The next bin will be placed on the southbound side of SEPTA’s Ambler Train Station.
“The bin is actually sitting out in our parking lot, and that is scheduled to be dropped early, middle of next week,” Smith said.
After Ambler, the next stop is King of Prussia, but the organizations have their sights set on filling refurbished news boxes across the state with marijuana pardon applications. Montco NORML has already received donations to set up boxes in western Pennsylvania.
“We have like a list we got here, and we’re just going to go down the list and put one out in every part of Pennsylvania,” Smith said.
While Montco NORML plans the operation, TerraVida VOWD is serving as a financial motor. The nonprofit is funded by TerraVida Holistic Centers, a women-owned local chain of medical marijuana dispensaries.
The leaders of Montco NORML and TerraVida met at Fetterman’s 67-county marijuana tour in 2019. TerraVida joined the newspaper bin initiative after hearing about it on Facebook.
“It just became this happy friendship,” Smith said.
TerraVida was founded in 2017 by Chirs Visco, and the nonprofit arm was created in 2019.
“We were founded … under the premise of really helping people who were victimized by the war on drugs,” Cashman said.
A white woman, Cashman spoke candidly about the racial elephant in the room: the irony of white people profiting from marijuana sales while people of color remain incarcerated for virtually the same thing.
“People are literally in prison for the amount of medical marijuana that I may have in my purse right now,” Cashman said. “And that’s very sobering for lack of a better word.”
That acknowledgment is not exclusive to Cashman. Visco, she said, “is very aware … that she is a white woman who is making a very nice living off of this plant that has disproportionately affected people of color in the war on drugs.”
With that in mind, Cashman said, TerraVida VOWD has made it its mission to help Pennsylvanians expunge their records of marijuana convictions.

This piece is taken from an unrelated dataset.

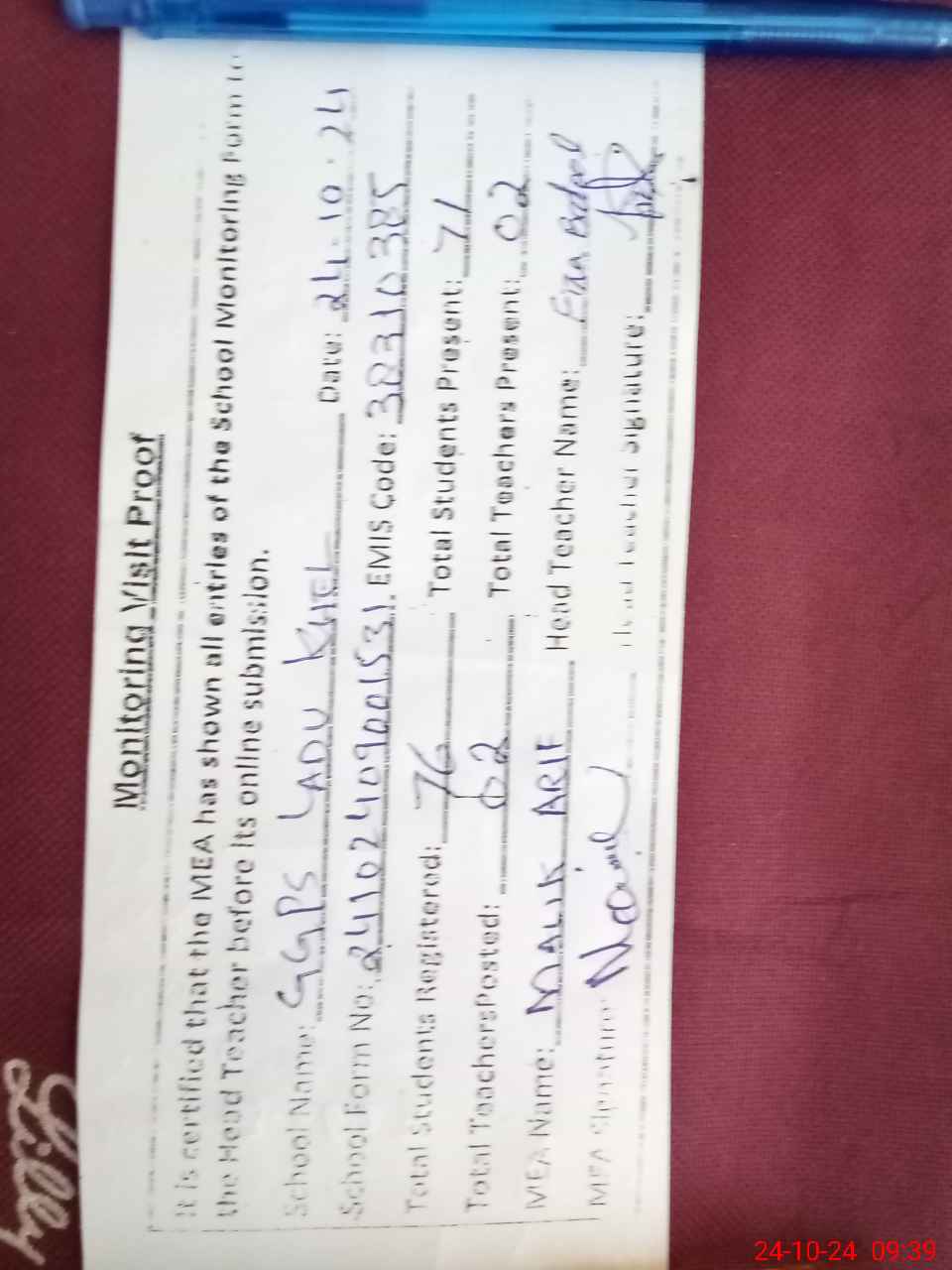 | Attendance Register | Head Teacher | MEA with School | Visit Proof |

“We really can’t lose the idea that there is this whole social justice piece and this whole social equity piece that we need to continually keep in front of us, because this isn’t just a venture capitalist game here. This isn’t just for people to get richer off of. We have to remember that there’s this social justice aspect that it is our responsibility as owners and operators in the state to support and push forward,” Cashman said.
“While the pardon bins may seem like something very small,” she said, “it’s something that we feel at TerraVida is something we should do and continue to do.”